How Is Flax (Linen) Made?
The main ingredient for linen is cellulose fibers found in the Linum Usitatissimum stem. Yarn and fabric made from this fiber are commonly called linen. And this fiber has been used a thousand years ago in Ancient Egypt and Mesopotamia. In the flax fiber, 1 bundle consists of 10 to 12 fibers that interconnected along the stem to 1 meter. The length of elementary fiber is 2.3 cm to 3 cm with a 15 cm diameter. Because the cost of planting flax is higher than other fibers, then the flax growers are still rare and in small quantities.
To prepare linen production, the fiber producer begins by separating flax fibers from the inside of the wood with flax stems. Traditionally, this step has been achieved by soaking raw flax stems, but today, manufacturers can use chemicals to get the same effect. Before the flax fibers are spun into yarn, these chemicals are dissolved, but the remaining toxic substances still settle in the flax fibers when separated using this chemical method.
The flax plant is a straight plant with a small stem with a diameter of 25 mm to 38 mm and has a height of 1 – 1.25 meters. This plant can grow in all types of soil and weather, that’s why this plant is called an annual plant. This plant can grow well in areas that are less fertile, loamy and sandy but can drain water well. In cold regions or with high rainfall, this plant is also able to survive.
Generally, flax is ready to be harvested after 100 days. After the stems changed into yellow color and the seeds are browned, the plant is ready to be harvested. Flax harvesting is usually done by pulling or cutting, but the cutting method will cause the fiber-tip to be colored due to humidity and air influence.
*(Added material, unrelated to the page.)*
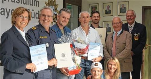 Zwei Rosenheimer, die am 28. Mai dieses Jahres einem zweijährigen Kind und seiner Oma, die in Rosenheim in den Mangfallkanal gestürzt waren, das Leben gerettet haben (wir berichteten), wurden jetzt vom Polizeipräsidium Oberb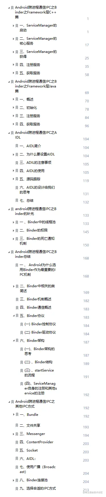 篇幅原因,就不在这里为大家赘述了,有需要的小伙伴:可在评论区下方留言,或者私信发送 "面试" 即可领取这份 《Android Binder 学习手册》 ,助你早日成为底层原理大师!

Initially, the pulling method was done manually, but nowadays it is mostly done using a machine. Pulling flax plants will have an impact on increasing the fiber length compared to cutting it.
Flax stems that have been harvested will be dried for two days and then continued to the process of seeds separation (rippling). Seeds separation is done by combing the flax stems. Seeds and leaves will be stripped from the flax stem.
To get the fiber, the wooden stems that surround the fiber must be slowly separated, whether using water, acid or chemical fluids. This process is also called retting.
This retting process must be done carefully because the quality of the fiber depends on this process. The less optimal retting process can make it difficult to separate the fiber from the stem, while the extreme retting process will weaken or destroy the quality of the fibers. Retting using water usually takes 1 to 2 weeks, while retting using certain chemicals only needs about 48 hours. Retting is often done in river water but today many do it in a large tub with water and mixed with chemicals.
Next, the flax sticks will be dried. During this drying process, the flax stem will be hit using a wooden hammer to make the stem rupture and loose so that this process can help to separate the outer fibers from the stem that cannot be used with the inner fibers that can be used.
The next process is the stem will be hit once again by using a long wooden knife-shaped to make the wood chips remaining attached to the stem can be detached.
Now, the inner fibers are separated from other fibers, the fibers can be combed into long or short fibers. After the fibers are combed, the fibers will be ready to be spun.
Spinning fiber in ancient times was done by foot-powered wheels. But nowadays, it has used industrial machinery for the efficiency of time, energy and cost. To spin the fibers, these short and combed fibers are connected by a device called a spreader, and the resulting string called roving is ready to be spun.
After spinning on the spinning frame, the yarn is then rolled onto a spool. To ensure that the yarn will not come loose, in this reeling process it must be in a wet, damp condition, and the spun yarn is run through a hot water bath to ensure yarn cohesion.
The last process is drying the finished yarn and rolling it into a spindle. The yarn is then ready to be dyed, treated and made into clothing, housewares or other textile products.
This long and difficult process makes linen fabric get the best position in quality and price. Also, because it is made from natural fibers, linen is guaranteed to be environmentally friendly.